# Activity:
Every entry is to be copied exactly as written, and the pictures are to be skipped.

Dataset items
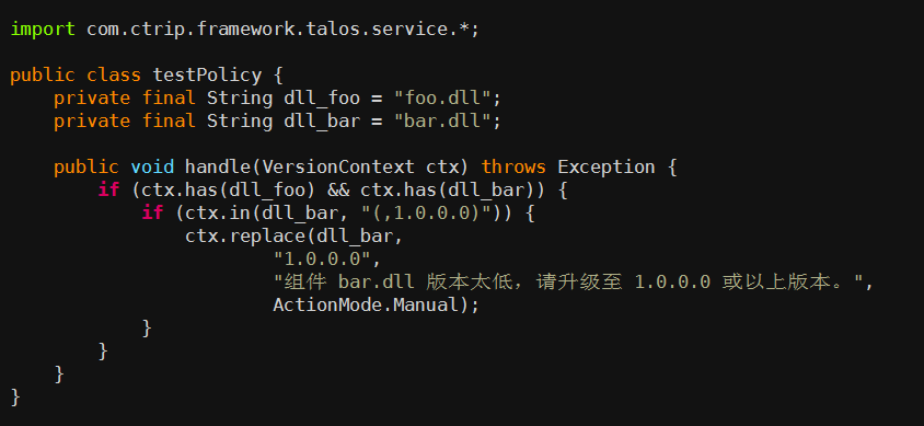 该逻辑的含义是: 当项目的依赖存在 foo.dll 和 bar.dll 时,bar.dll 的版本号必须大于 1.0.0.0。看, 是不是非常方便快捷通用!
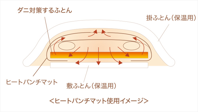 中綿までしっかりと熱が伝わりふとんのダニの活動を抑制※3。
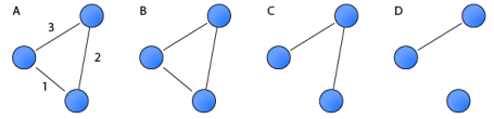 However, even though ties in many empirical networks have naturally a strength associated with them, most network measures can only be applied to binary networks, i.e. networks where ties are either present or absent (Scott, 2000; Wasserman and Faust, 1994). Therefore, researchers must convert weighted networks into binary ones. A common way of doing this is to dichotomise a weighted network into a series of binary ones by using a set of cutoffs. A tie is set to present if its weight is higher than the cut-off, and removed otherwise. As the figure below shows, a weighted network (a) can create a range of binary networks (b-d) depending on the cut-off. This figure illustrate how the subjectivity of the researcher’s choice of the cut-off value will produce biases that may invalidate subsequent analysis.
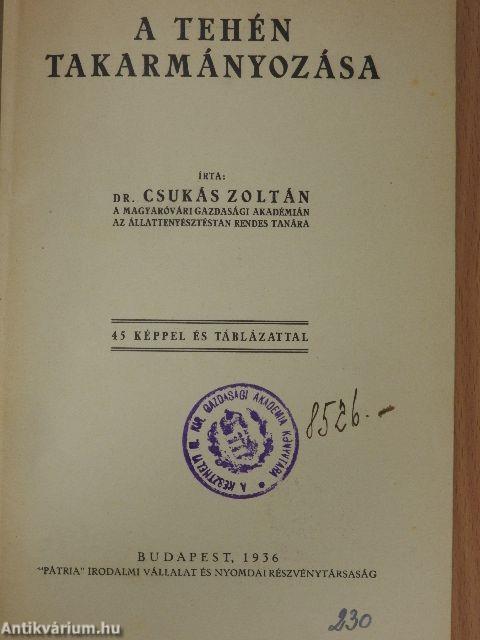 Megjegyzés: 45 fekete-fehér képpel és táblázattal. Írta Dr. Csukás Zoltán a Magyaróvári Gazdasági Akadémián az Állattenyésztéstan rendes tanára. Nyomtatta "Pátria" Irodalmi Váll. és Nyomdai R.-T., Budapest.
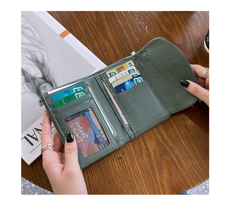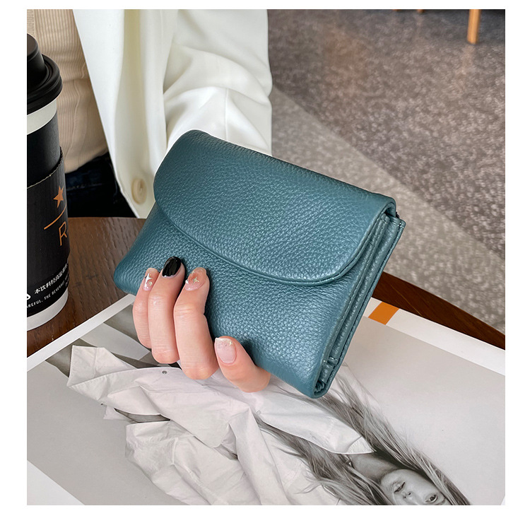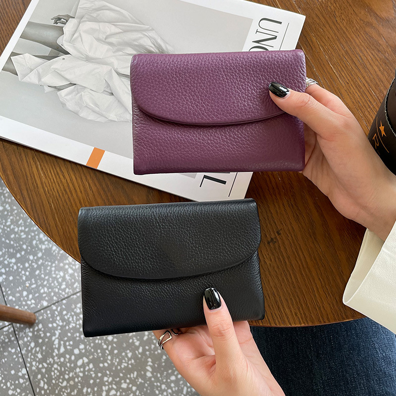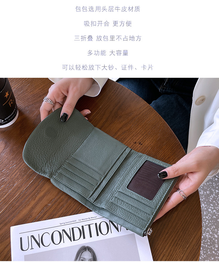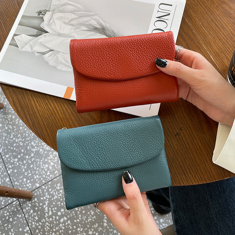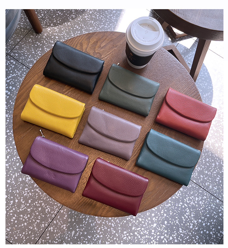 새로운 가죽 지갑 여성용 짧은 접이식 탑 레이어 가죽 지갑 대용량 카드 가방 해외 무역 국경 도매

# Exercise result:
 该逻辑的含义是: 当项目的依赖存在 foo.dll 和 bar.dll 时,bar.dll 的版本号必须大于 1.0.0.0。看, 是不是非常方便快捷通用!
 中綿までしっかりと熱が伝わりふとんのダニの活動を抑制※3。
 However, even though ties in many empirical networks have naturally a strength associated with them, most network measures can only be applied to binary networks, i.e. networks where ties are either present or absent (Scott, 2000; Wasserman and Faust, 1994). Therefore, researchers must convert weighted networks into binary ones. A common way of doing this is to dichotomise a weighted network into a series of binary ones by using a set of cutoffs. A tie is set to present if its weight is higher than the cut-off, and removed otherwise. As the figure below shows, a weighted network (a) can create a range of binary networks (b-d) depending on the cut-off. This figure illustrate how the subjectivity of the researcher’s choice of the cut-off value will produce biases that may invalidate subsequent analysis.
 Megjegyzés: 45 fekete-fehér képpel és táblázattal. Írta Dr. Csukás Zoltán a Magyaróvári Gazdasági Akadémián az Állattenyésztéstan rendes tanára. Nyomtatta "Pátria" Irodalmi Váll. és Nyomdai R.-T., Budapest.
 새로운 가죽 지갑 여성용 짧은 접이식 탑 레이어 가죽 지갑 대용량 카드 가방 해외 무역 국경 도매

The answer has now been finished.